Posted inPeople MovesNews

Pictet WM shakes up Asia senior management

Tee Fong-Seng has been poached from EFG to take over as CEO of PWM in Asia, as the Geneva-based firm also lures 19 bankers from rival CS.
Tee Fong-Seng, Pictet Wealth Management

Fong-Seng will succeed Claude Haberer as chief executive officer in October, as part of what Pictet calls its “new strategic roadmap for wealth management in Asia”, set out by Boris Collardi, the firm’s managing partner responsible for PWM Asia.

Haberer, who took the helm in 2011 after 30 years with BNP Paribas, will be shunted up to the newly-created role of chairman of PWM Asia, “to support Collardi”, according to a press release.

Fong-Seng will be based in Singapore, where he was most recently chairman of EFG Bank’s Asia advisory board. Previously he was at Credit Suisse (CS), serving as vice chairman in Asia and CEO of the Hong Kong branch.

In fact, Collardi, who joined Pictet from Julius Baer in the middle of last year, has drunk deep from the CS well to further his ambitions to grow PWM’s Asia business.

Alex Ng quit as CS’s market head for China last week, and will replace Sharon Chou as CEO of PWM North Asia and Pictet’s Hong Kong Branch in November. He’ll bring with him a team of 18 colleagues to cover the Greater China markets.

Meanwhile, Chou will assume the new role of deputy CEO of PWM Asia, and Dominique Jooris will retain his positions as CEO of PWM South Asia and of Bank Pictet & Cie (Asia) in Singapore.

Ng, Chou and Jooris will all report directly to Fong-Seng.

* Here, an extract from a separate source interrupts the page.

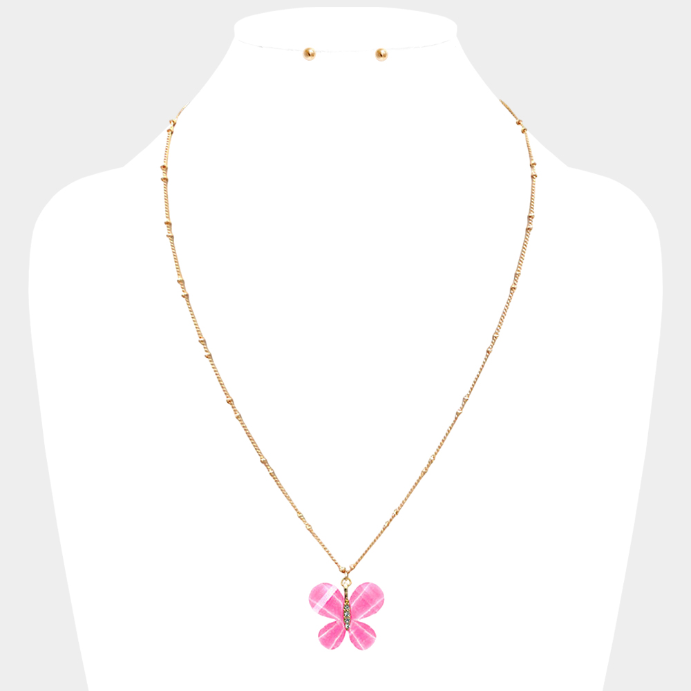 Rhinestone Embellished Butterfly Teardrop Stone Link Dangle Evening Earrings

Collardi said in a statement that the appointments of Fong-Seng and Ng, “along with this major recruitment initiative for Greater China…set the stage for the next stage of growth in the region”.

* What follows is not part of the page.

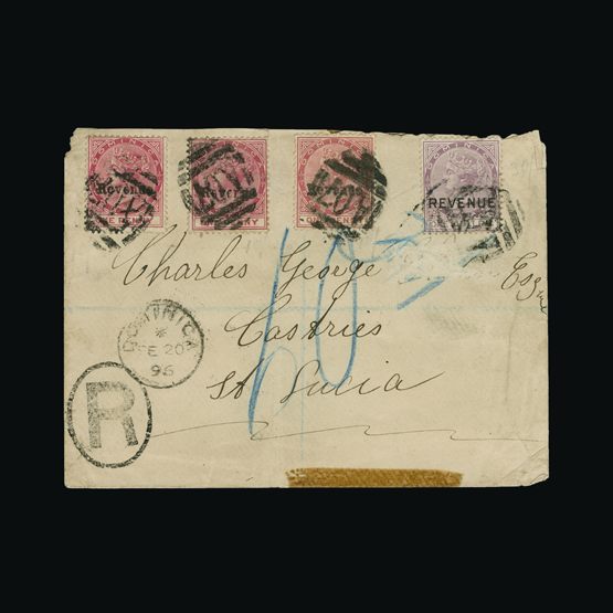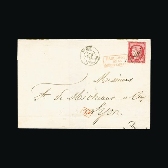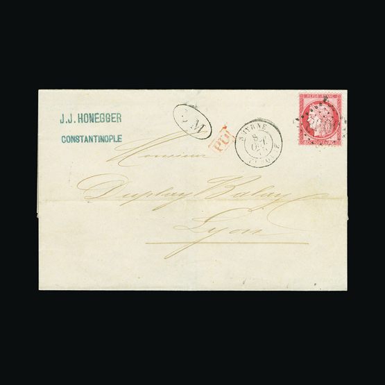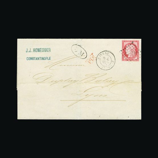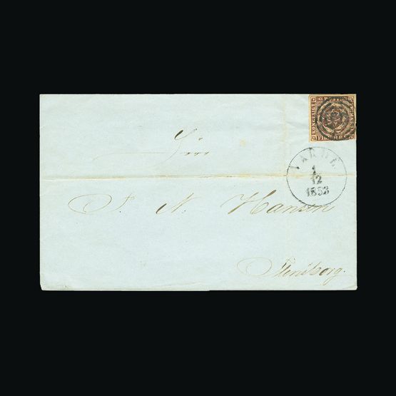 | 4093 | Denmark | more lots in the Gallery | 16 (cover) | 1858 Wavy-lined spandrels, 4 sk. Chestnut, with 4 good margins, on wrapper to Flensburg, with '26' in concentric-rings cancel, and HJORING 24/5/1862 c.d.s. Aalborg transit and receiver on flap. Folds but clean | £25 | |

In contrast, his remarks about the existing management team sounded valedictory.

“The partners pay tribute first to Claude Haberer for his major role in managing this strategic region. We also thank Sharon Chou and Dominique Jooris for their instrumental role in building our franchise in Asia,” he said.

Last April, Haberer told FSA that although Pictet’s main markets in the region are mostly in Hong Kong, Singapore and Taiwan, the firm was planning to target the growing wealth in China and Indonesia – although it did not intend to hire aggressively.

Pictet employs more than 250 staff across offices in Asia. It has been present in Hong Kong since 1986 and was granted a banking licence for its wealth management services in 2012. In Singapore, it has been operating since 1995, securing a merchant banking licence in 2004 and a wholesale banking licence in 2018 under the name of Bank Pictet & Cie (Asia) Ltd.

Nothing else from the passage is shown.